Sechs Jahre später tritt Amerikas Präsident am Vormittag zum letzten Mal hinter das steinerne Rednerpult im großen Saal am East River, um der Weltgemeinschaft ins Gewissen zu reden – gegen Armut und Atomwaffen, für Klimaschutz, Gleichberechtigung der Geschlechter und Gemeinwohl.

Eine Zweistaaten-Lösung ist jedoch Lichtjahre von der Realität entfernt. Stattdessen rüsten die USA Israel mit einem knapp 40 Milliarden Dollar schweren Militärprogramm auf. Für die Kritiker des in wenigen Wochen abtretenden Demokraten ist der Zustand des Ur-Konflikts im Nahen Osten ein Beleg unter vielen „für das Scheitern eines Idealisten, der sich die Welt schöner gewünscht hat, als sie ist“.

Ganz anders 2009. Als Obama mit dem Bonus des Hoffnungsträgers zum ersten Mal vor den Würdenträgern von heute 193 Mitgliedsländern seine Visitenkarte abgab, gerieten selbst die Zyniker in Verdrückung. Wie er von einer „atomwaffenfreien Welt“ schwärmte, wie er der von Vorgänger Bush gebeutelten muslimischen Welt einen „Neuanfang“ in Aussicht stellte, wie er sich für Amerikas „Arroganz“ entschuldigte, wie er Moskau, Peking wie Teheran eine Politik der „ausgestreckten Hand“ anbot und sämtliche „Achsen des Bösen“ mit emphatischer Rhetorik ausradierte, das machte nicht wenig Eindruck.
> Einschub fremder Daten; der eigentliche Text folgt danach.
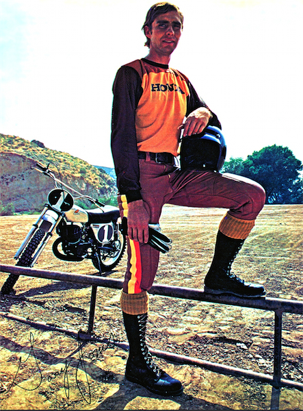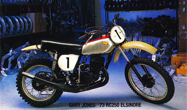 With the introduction of the new Elsinore, Honda knew they wanted to make a splash. They did just that by luring the reigning 250 National Champion, Gary Jones away from Yamaha. Gary would prove to be a wise investment for Honda, taking the new Elsinore to the 1973 250 National title. |

Obama unterfütterte sein militärisches Rückzugsversprechen, für das er 2008 nach der blutigen Verstrickung im Irak und in Afghanistan gewählt worden war, in den Folgejahren mit Leitsprüchen, die bis heute nachklingen. „Don't do stupid shit“ – Bau keinen Mist“, war der eine. „Nur weil wir den besten Hammer haben“ – (Obama meinte die mächtigste Streitmacht der Erde: Amerika) –, „ist nicht jedes Problem ein Nagel“, lautet der andere. Überreaktionen, Rücksichtslosigkeit, Abenteuer mit ungewissem Ausgang, das war seine Botschaft, würde es mit dem 44. Präsidenten der Vereinigten Staaten nicht geben.

Wie zwiespältig diese passive Interpretation amerikanischer Stärke im realpolitischen Alltag ankam, sollte sich spätestens nach dem Giftgasangriff des Assad-Regimes in Syrien zeigen. Obama ignorierte die von ihm selbst gezogene „rote Linie“ für den Diktator, öffnete bei der chemischen Abrüstung Russland mit weitreichenden Konsequenzen die Tür und demonstrierte das, was weit über den Nahen Osten hinaus bis heute als Ausdruck amerikanischer Schwäche angesehen wird.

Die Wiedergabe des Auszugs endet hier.